The three of them knew each other. Igor felt a great wave of happiness as the adrenaline began to mingle with his blood. The following day he would make her fully aware of his presence there and, at some point, they would meet.

God alone knew what would come of that meeting. Igor, an orthodox Catholic, had made a promise and sworn an oath in a church in Moscow before the relics of St. Mary Magdalene (which were in the Russian capital for a week, so that the faithful could worship them). He had queued for nearly five hours and, when he finally saw them, had felt sure that the whole thing was something dreamed up by the priests. He did not, however, want to run the risk of breaking his word, and so he had asked for her protection and help in achieving his goal without too much sacrifice. And he had promised, too, that when it was all over and he could at last return to his native land, he would commission a golden icon from a well-known artist who lived in a monastery in Novosibirsk.

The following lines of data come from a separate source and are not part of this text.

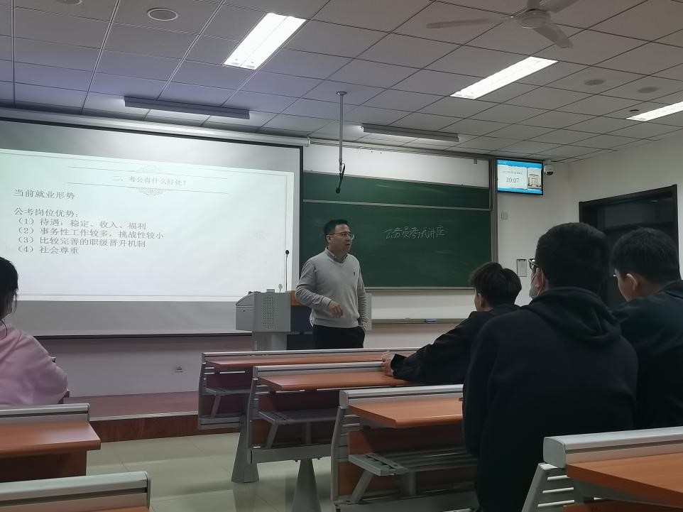 讲座伊始,杨春林向同学们介绍了公务员考试的类别、待遇和要求条件。杨春林指出,在考上公务员后,仍要保持一定的应试能力来面对工作中的各种情况。随后,杨春林从当前就业形势入手,就待遇、晋升、稳定性、社会地位和内部制度五个角度深入浅出地讲述了公务员考试的优势和短板。最后,杨春林对公务员考试的报名、笔试、资格审查、面试和体检五个环节以及考察的具体内容进行了详细阐释。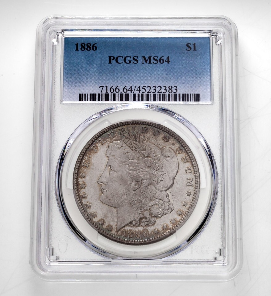 - 1886 $1 Morgan Dollar Graded By PCGS As MS64 Cool Reverse Toning!
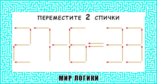 (ответами делитесь в комментариях) Сделайте уравнение верным, переместив 2 спички Сделайте уравнение верным, удалив 2 спички Сделайте уравнение верным, переместив 2 спички Решили? Тогда ставьте лайк, подписывайтесь на наш канал и, конечно же, делитесь с друзьями! Всем отличного дня!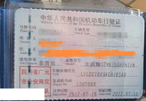 车牌号 川****** 品牌 丰田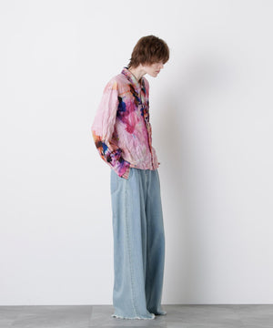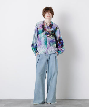 アート性が際立つプリントシャツ。19世紀の印象派の色彩と光の余韻から着想を得た色使いに、コンテンポラリーアーティスト・佐々木香菜子氏の解釈を重ねて描き起こした、STUMBLYオリジナルのアート図案を採用。素材はポリエステルのタイプライターに岩のようなプリーツ加工を施し、奥行きのある質感に。ゆったりとしたシルエットに、前下がりのワンナップカラーとタックで表現した袖のボリューム、スクエアカットの裾が、80〜90年代のタイプライタームードを漂わせます。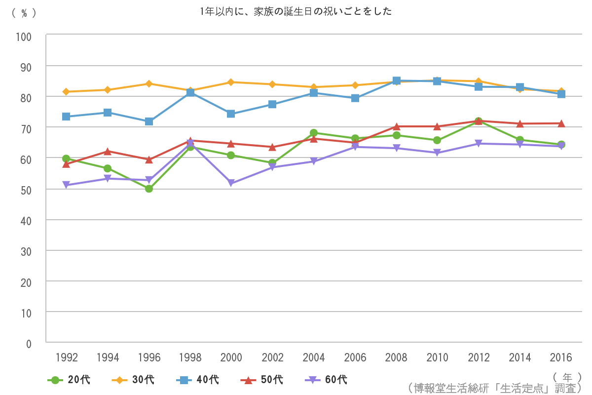 「家族の誕生日の祝いごと」をした人を年代別でみると30代40代が高水準をキープしており、2008年以降は80%超えとなっている。子どもの誕生日を祝うパパママが含まれるからだろう。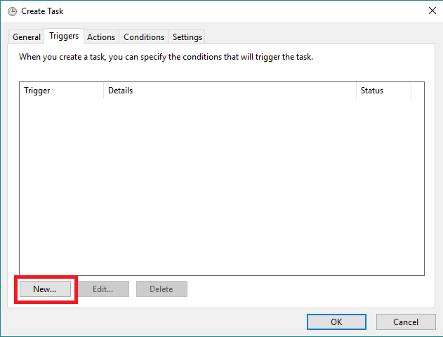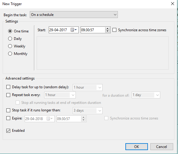 • Choose the periodicity of your task. The Enabled check box is set to checked by default. Click OK to set the trigger.

At three in the morning, the bar of the Hotel Martinez smells of cigarettes and sweat. By then, Jimmy (who always wears different colored shoes) has stopped playing the piano, and the waitress is exhausted, but the people who are still there refuse to leave. They want to stay in that lobby for at least another hour or even all night until something happens!

They're already four days into the Cannes Film Festival and still nothing has happened. Every guest at every table is interested in but one thing: meeting the people with Power. Pretty women are waiting for a producer to fall in love with them and give them a major role in their next movie. A few actors are talking among themselves, laughing and pretending that the whole business is a matter of complete indifference to them—but they always keep one eye on the door.